As expected, given the presence of the Stone House complex, a wide array of colonial (English, German and Italian) wheel-thrown wares are known from site PG64. The selections below represent only pottery from well-documented areas of the excavation (i.e. stratified and from blocks associated with diary entries). The introductory video below gives a summary of some of these wares, along with their defining characteristics. Additional information can be found in the document links and images associated with particular wares in the list below.
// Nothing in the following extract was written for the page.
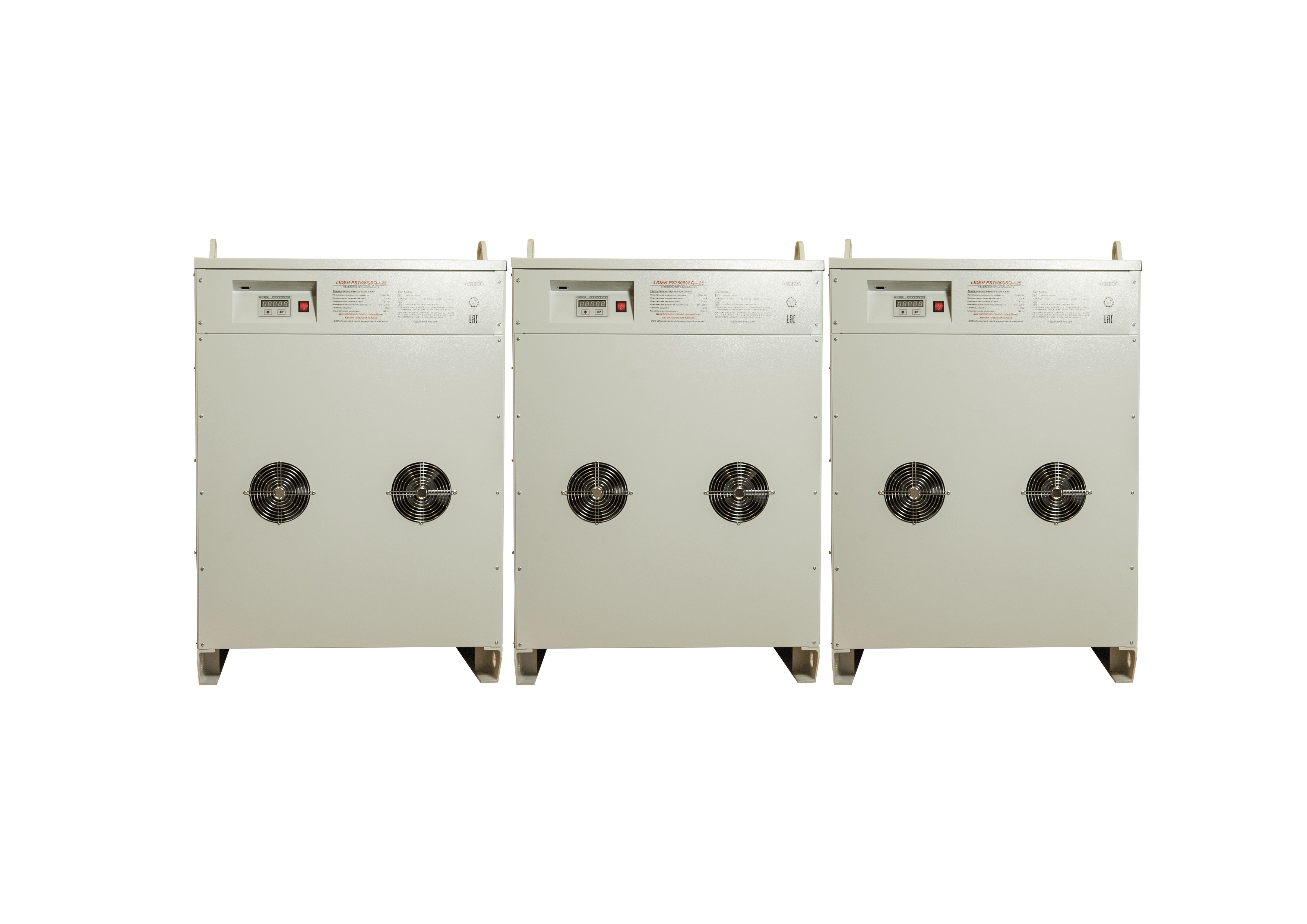 Трехфазные комплекты собираются из трех однофазных стабилизаторов, организующих трехфазную сеть по схеме «звезда». При этом комплекты мощностью от 15 кВА до 45 кВА могут быть смонтированы на удобной и функциональной вертикальной стойке (приобретается отдельно). По желанию заказчика стойки могут комплектоваться ручным байпасом и контролем трехфазного выхода, либо обеими функциями одновременно.

The latter are arranged both by type (ceramic technology used) and chronologically.
Additional resources are included in the table below:
Ware information | Jamestown Ceramic Research | |
Ware information | Historical Archaeology Collection, Florida Museum | |
Vessel forms | Historical Archaeology Collection, Florida Museum | |
Visual synopsis | Poster | |
In depth archive about the Colonial and Antebellum era | DAACS Archive |
Chronological framework:
Piersey’s purchase of Flowerdew Hundred: 1625-1626
Piersey’s death: 1628
Stone House use-span: ca. 1626 to 1650
Elizabeth, Piersey’s daughter sells Flowerdew: ca. 1636
Establishment of Flowerdew Towne: 1683
List of relevant wares, arranged by type:
Earthenware
- Lead-glazed
- Tin-glazed
Stoneware
- Salt-glazed
List of relevant wares, arranged chronologically:
Predating the Stone House construction
- Majolica/Montelupo Polychrome (offwhite glaze, painted), 1500-1575 CE.
During the Stone House use-span
- Frechen-Rhineland (reddish-brown glaze), 1500-1700 CE.
- Borderware (yellow-green glaze), 1500-1700 CE.
- North Italian Marbled (cream-brown marble glaze), 1610-1675 CE.
- Delftware (Dutch; blue or bluish glaze, can be polychrome), 1640-1740 CE.
- delftware (English and Dutch; bluish glaze, can be plain), 1640-1800 CE.
Possibly postdating the Stone House
- North Devon, Plain or Gravel (yellowish-brown glaze), 1680-1750 CE.
- English Brown (reddish-brown glaze), 1690-1775 CE.